Interview Von Julian Ignatowitsch

Die Judohalle steht nur ein paar Häuser weiter in derselben Straße, und das ist kein Zufall: Judo bestimmt ihr Leben. Die Zwillingsschwestern Amelie und Theresa Stoll, 22, vom TSV Großhadern sind gerade umgezogen, ihre Wohnung ist fast fertig eingerichtet. Zur Begrüßung gibt es Kaffee in Amelies Zimmer. "Sie ist ordentlicher", sagt die 20 Minuten jüngere Theresa, die es 2017 in die Judo-Weltspitze geschafft hat mit einem Sieg beim Grand Prix in Düsseldorf - als jüngste Deutsche der Geschichte - und EM-Silber. Amelie wartet noch auf den Durchbruch, aber auch sie hatte ein gutes Jahr: Sie wurde Europameisterin der U23 und schaffte es in Den Haag erstmals bei einem Grand Prix aufs Podest - zusammen mit ihrer Schwester. Am kommenden Wochenende finden in Stuttgart die deutschen Einzel-Meisterschaften statt. Vorher sitzen beide noch entspannt nebeneinander auf dem Sofa und essen Schoko-Krapfen.

SZ: Die erste eigene Wohnung: Rufen die Eltern noch täglich an?

Amelie Stoll: Nein, die kennen das. Wir waren vorher auch viel weg. Das mit dem Umzug ging alles richtig schnell. Wir hatten eine Suchanzeige aufgegeben und schon kurz danach einen Treffer. Einen Tag später hatten wir den Besichtigungstermin und die Zusage und zwei Tage später haben wir den Mietvertrag unterschrieben.

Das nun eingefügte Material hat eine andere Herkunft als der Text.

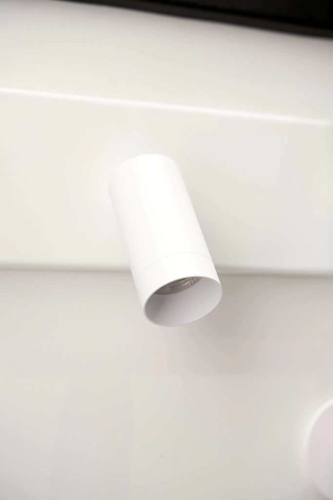Spot orientable de bajo brillo. Apto dimmer GU-10. Alto control de deslumbramiento. Proyección de luz directa-simétrica. Estructura construida en aluminio.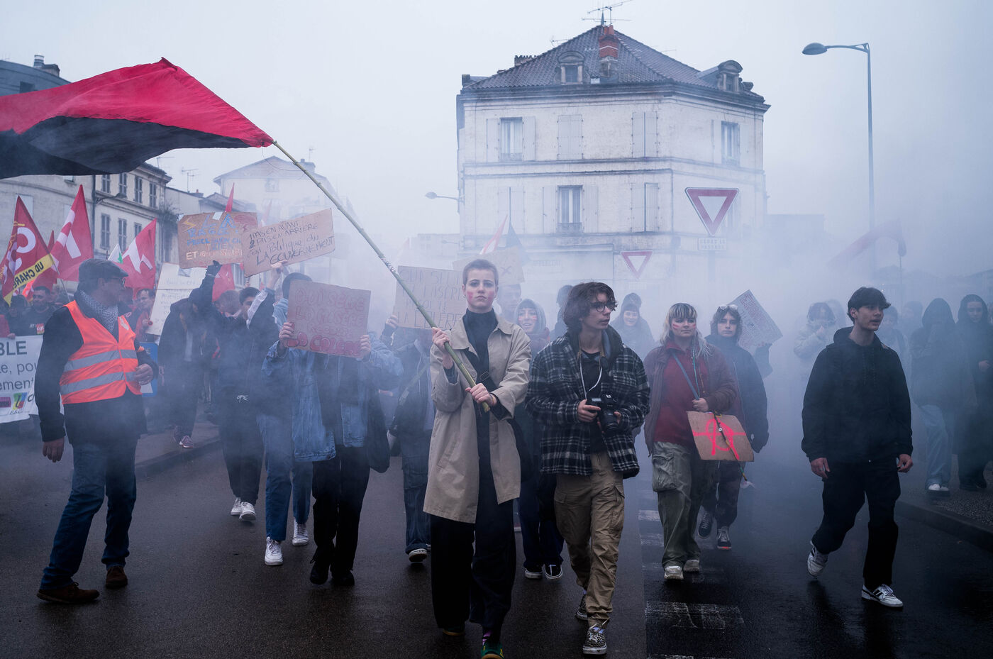 France, Angoulême, 2023.01.31. Second day of demonstrations against the French government and president's plan to raise the legal retirement age from 62 to 64. Nearly 10,000 people marched in the city centre of Angoulême in Charente.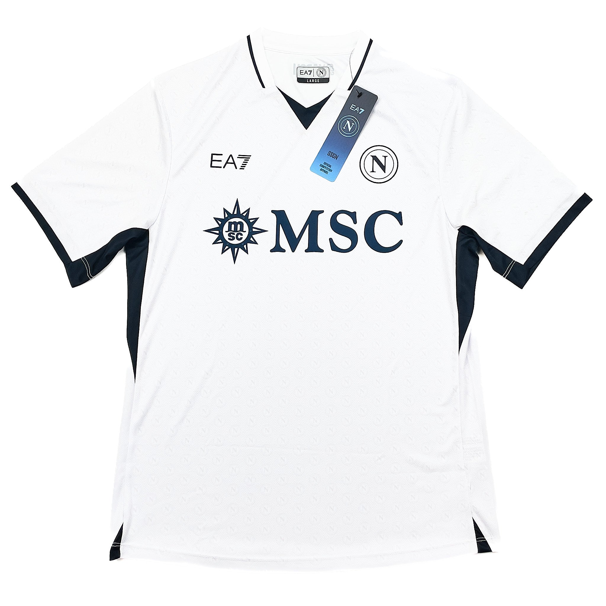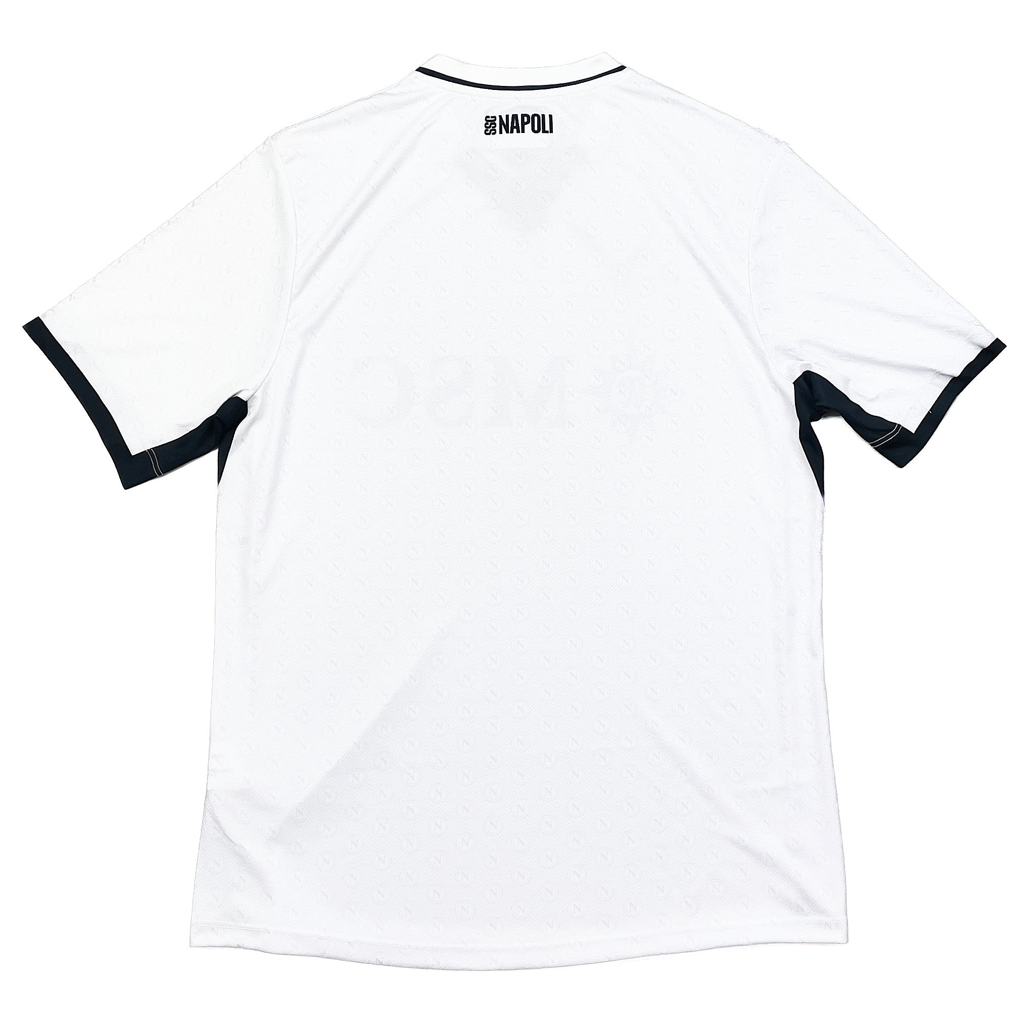 INFO - The official Serie A champions SSC Napoli 2024/25 stadium away shirt by EA7. Featuring a sleek V-neck with retro detailing. Contrasting Armani white & black accents with a lightweight 100% polyester construction ensures comfort and mobility on and off the pitch.

Theresa Stoll: Es war sicher nicht leicht für die Eltern, aber das ist ja ganz normal. Wir sind im Herbst Schritt für Schritt umgezogen. Unsere Situation mit Judo und Studium wird sich in den nächsten Jahren nicht verändern und wir wollten nicht länger daheim wohnen. Also war jetzt der richtige Zeitpunkt. Und sie wohnen jetzt auch nur zehn Minuten von unserer Wohnung weg. Die Judohalle ist, wenn wir langsam gehen, zwei Minuten zu Fuß entfernt - das ist ein großer Vorteil, weil das normalerweise unsere erste und letzte Verpflichtung an jedem Tag ist.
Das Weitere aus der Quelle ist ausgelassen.